Family Law Changes for Parents – Same but Different?

fairytale endings or new beginnings

The Family Law Act has undergone recent changes that will impact the way parenting matters are to be approached by the Federal Circuit and Family Court of Australia in the coming months.  The key amendments are to remove the presumption of equal shared parental responsibility, to simplify the matters considered in determining the best interests of children, and to further restrict the circumstances in which final parenting Orders can be varied, amongst other changes. 

One of the most discussed changes to the Act is the removal of the presumption of equal shared parental responsibility.  This seems significant on its face as the presumption meant that the Court was required to consider making Orders for children to spend equal or substantial and significant time with each parent in cases where the presumption applied.  On one argument, the removal of the presumption may make it more difficult for a parent to secure an equal time arrangement.  On another, the change to the legislation will have little impact as the best interests of the children remain the paramount consideration. 

Whilst the factors to be considered in determining what is in the best interests of a child have been streamlined, the essence remains the same.  Further, the changes made to the Act do not mean that the Courts cannot, or will not, consider making equal time Orders.

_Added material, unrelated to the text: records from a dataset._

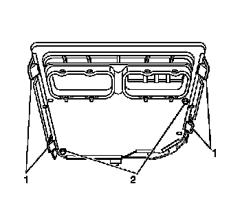 2. Install the transmission control module by seating it fully into the bracket until all of the retaining tabs (1) have engaged the edge of the module edge.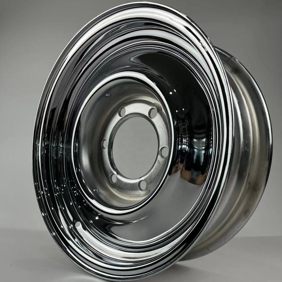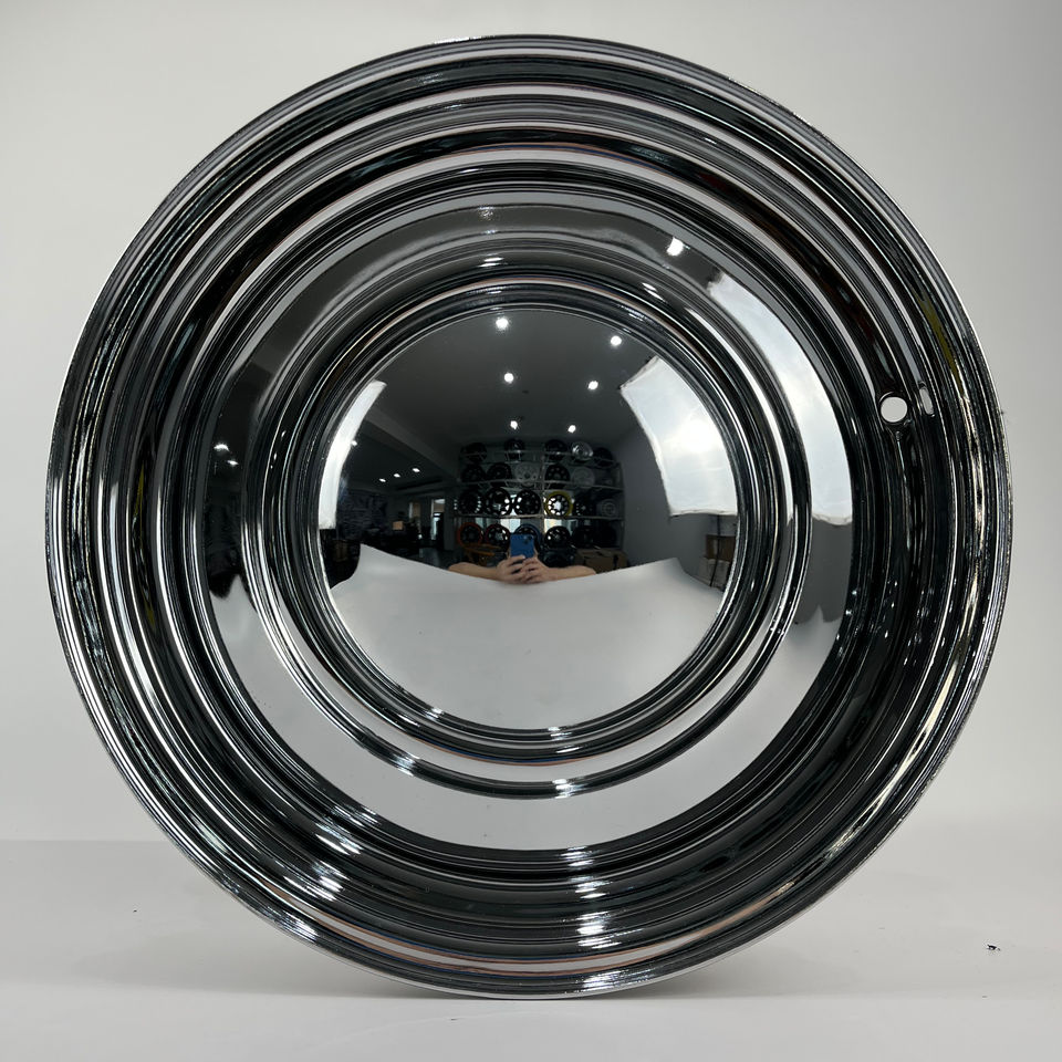 Acabado cromado: El acabado cromado proporciona una superficie duradera y resistente a la corrosión, asegurando que las ruedas mantengan su apariencia con el tiempo.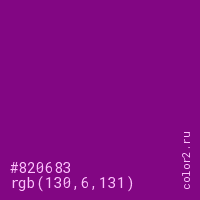 Цвет #820683 в цветовой модели RGB обозначается тремя октетами (130, 6, 131) в десятичном формате и #820683 в шестнадцатиричном (hex) формате, которые являются интенсивностью красного 130 (hex 82), интенсивность зелёного 6 (hex 06) и интенсивность синего 131 (hex 83).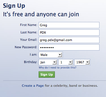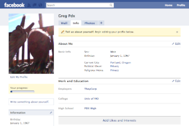 And so in a few minutes I had a new Facebook account and profile:

It is also worth remembering that the Family Law Act does not differentiate between mothers and fathers in the context of the language used.  The Act refers only to parents and importantly, the best interests of children.  For those parents, whether mothers or fathers, who have had and continue to have significant positive involvement in providing for the needs of their children and who can establish that the benefit of that arrangement continuing beyond separation is in the best interests of their children, are arguably likely to achieve similar if not the same outcomes regardless of the changes to the Family Law Act.